If examined attentively, it will be seen, that the designs are not always the same distance from the edge of the card. The manufacturer himself, and players in general, pay little attention to these irregularities, but the Greek turns them to account, and makes them useful in his tricks.

By the time the cards have been dealt two or three times round, he can distinguish many of them.

Sharpers are themselves often the manufacturers of their own cards, and can, therefore, arrange and place their designs where they please.

For instance, let us suppose that the design consists of a series of lozenges, placed one above the other. The Greek would so arrange them that, at the edge of the card, the lozenge should be entire for the ace. Then, as it approaches the edge, it is cut in half for the queen, quarterly for the king, and three-quarters for the knave.

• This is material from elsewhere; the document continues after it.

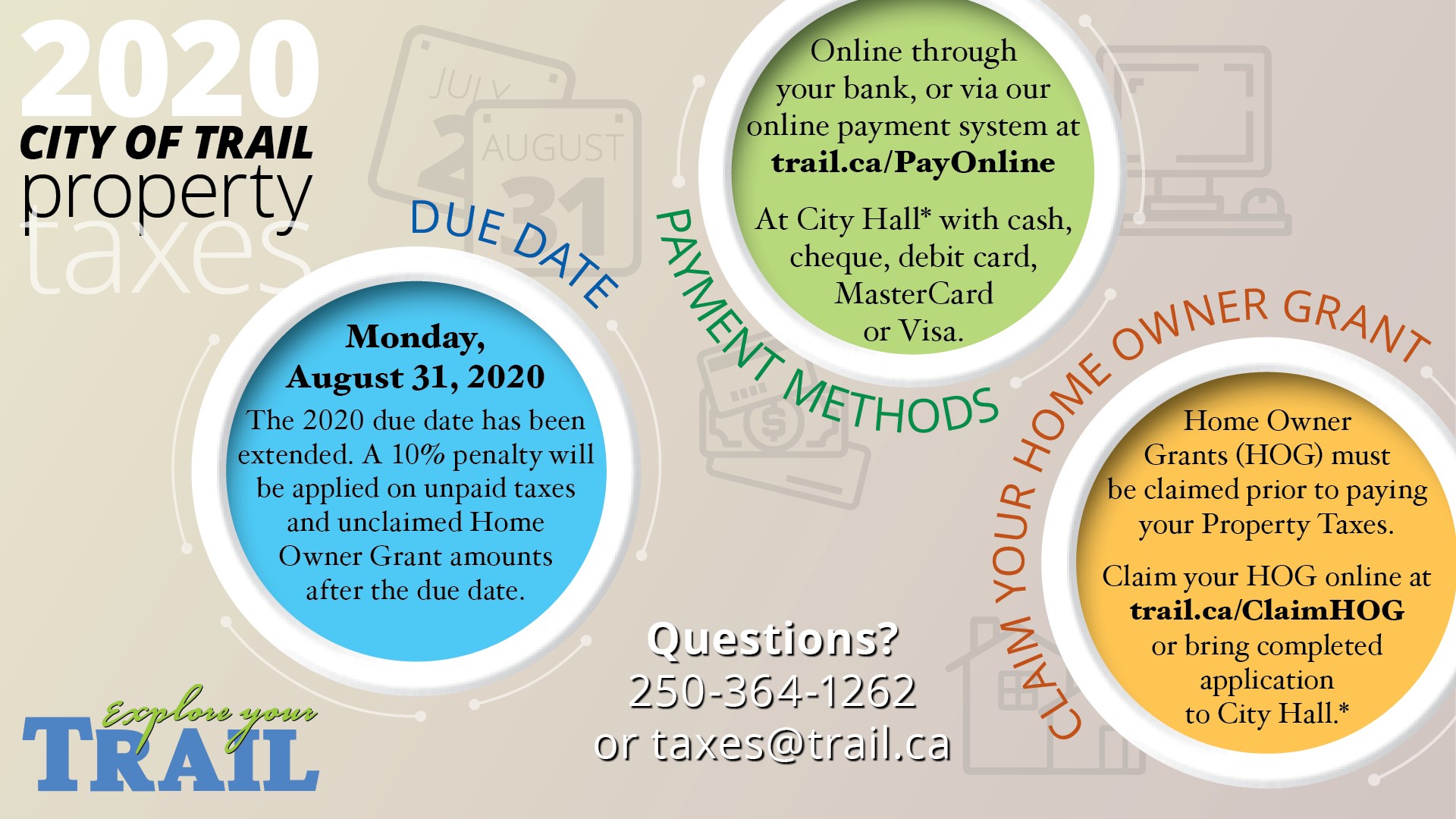 The City of Trail would like to remind property owners that 2020 property taxes are due by Monday, August 31, 2020. A 10% penalty will be applied on unpaid taxes and unclaimed Home Owner Grant amounts after the due date.

In the same way, on the upper side of the card, the lozenges, by similar arrangements, would point out the spades, hearts, clubs, or diamonds, and also show the principal cards in the game of Piquet.

All this would seem to be the effect of chance, and no one could assert that there was anything fraudulent.

PART IX.
THE MARKED, OR SPOTTED CARDS.

This trick of marking cards, is equal to any of the most refined abbreviations used in stenography, as here, by the aid of a single spot, any one of the thirty-two cards in the game of Piquet may be known.

We will imagine, for example, a design formed of spots, or some other device, arranged symmetrically, as these sorts of patterns usually are. For instance, as in figure 21.

The first large spot, beginning from the top of the card, on the left hand, will represent a heart; the second, in descending, a diamond, the third a club, and the fourth a spade.